Monday, February 8, 2010


Days later:

The idea that some people are cultural creatives I can't square away. How did the researcher determine there were 50million of us living in America? Will anything we do actually change the world for the better when the old way of life is seductive to most people? Can we set climate protocols?

One thing: true cultural creatives do not lean to the left or to the right politically. We espouse new solutions that require a different kind of government that is neither right-wing nor totally left. That is not to say we would always be centrist.

Days later I muse on this because it seems a fuzzy concept: the idea that people can be cultural creatives. How does that translate into real life? There's an expression: "If you name it, you can claim it" and possibly that applies here too. Yet I'm uncomfortable with this label, as if I've been found out.

Maybe I'm just too ambitious to want to concede that I use my talents to better the world. I want to be recognized for my own efforts and not lumped into a category. Where does the individual and his or her accomplishments fit into the cultural creative milieu?

I understand that the ethic of "service above self" is a noble one however each of us has a self and I'm not able to subjugate my self or take a back seat, like a Traditional would or someone who is content to lie on the couch all day watching TV. I covet recognition for the efforts I give to certain organizations. This is a two-way street.

So as I type this it's hard for me to understand that I could be a cultural creative. I abhor doing things in a vacuum: I want to be heard when I communicate my message. I realize not everyone is going to want to hear what I have to say and others will not be receptive to it. That's why I can't sell my book as if I wrote it to de-stigmatize people living with schizophrenia because I did not. Indirectly it does that-true. Yet I don't allow stigma to dictate how I feel about myself or whether or not I'm going to seek to set goals and achieve them. Stigma carries no weight with me.

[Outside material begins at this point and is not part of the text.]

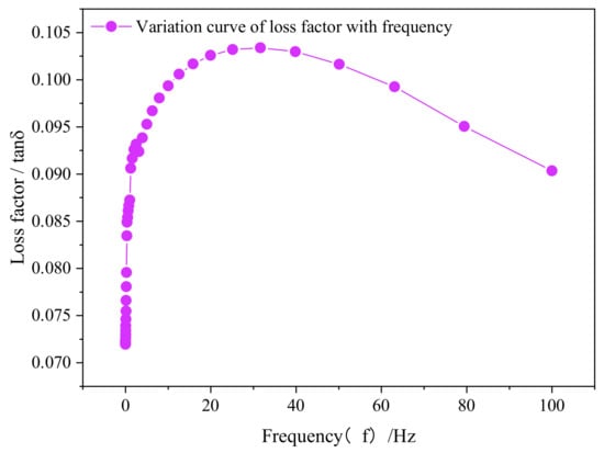 It can be seen from Figure 8 that at room temperature, the storage modulus E′ and the loss modulus E″ show an increasing trend with the increase of frequency, while the loss factor first increases and then decreases with the increase of frequency. The molecular chain of viscoelastic damping material is long, at high frequency, and does not have enough time to adjust after being excited; the response to stress can only change the distance between molecules with the help of extremely high energy, showing high modulus and low loss factor. As the frequency decreases, the molecular segments realign and the localized strain caused by the stress relaxes, resulting in a decrease in modulus, and the loss factor reaches its maximum value when the frequency is comparable to the molecular relaxation time. When the frequency is lower, the local strain of the molecular chain is relaxed to a greater extent, and the local interaction between the molecular chains prevents the long-range motion of the chain segment, so the storage modulus and loss modulus change greatly at this time, and the loss factor is sharply down; damping performance is reduced.

Funny: it feels like a stigma to be outed as a cultural creative even though we do good things and there should be no shame in living a life of service to others. I'm going to check out of the library The Cultural Creatives: How 50 Million People Are Changing The World because I don't have the money to buy the book.

A life of volunteerism is the hallmark of a cultural creative. When I read the book I'll be better able to sift through this knowledge and come to a conclusion I can live with.

For now I'll leave you with this:

The reason I don't buy this lifestyle is because I'm not certain we can actually change the world, as the usual way of doing things is so entrenched in most people. I would like to think our actions can have a lasting impact yet who am I kidding? I need to see concrete, tangible results to believe the tide has actually turned. Give me the numbers: tell me how many people's lives have been changed and what the results of our efforts have been. The fuzziness of it and the feel-good aspect doesn't sit well with me.

Though the truth is it's possibly not an ethic that can be defined in words or accounted for with bottom-line principles, so maybe language comes in a poor second to describe the impact of a cultural creative's actions.

Days later I'm mixed about this because I wonder if to be a cultural creative I have to live an ascetic life and the truth is I don't deny myself trinkets like the necklace.

I'm searching now. I'm searching for my own words to describe my life ethic that won't be co-opted by a researcher or a sociologist. I've been sifting through this knowledge all weekend. I will let you know more after I've finished reading the Cultural Creatives book.

You think. I'm obsessed. With this. Now.

So I'll go sign off and leave you to enjoy your day.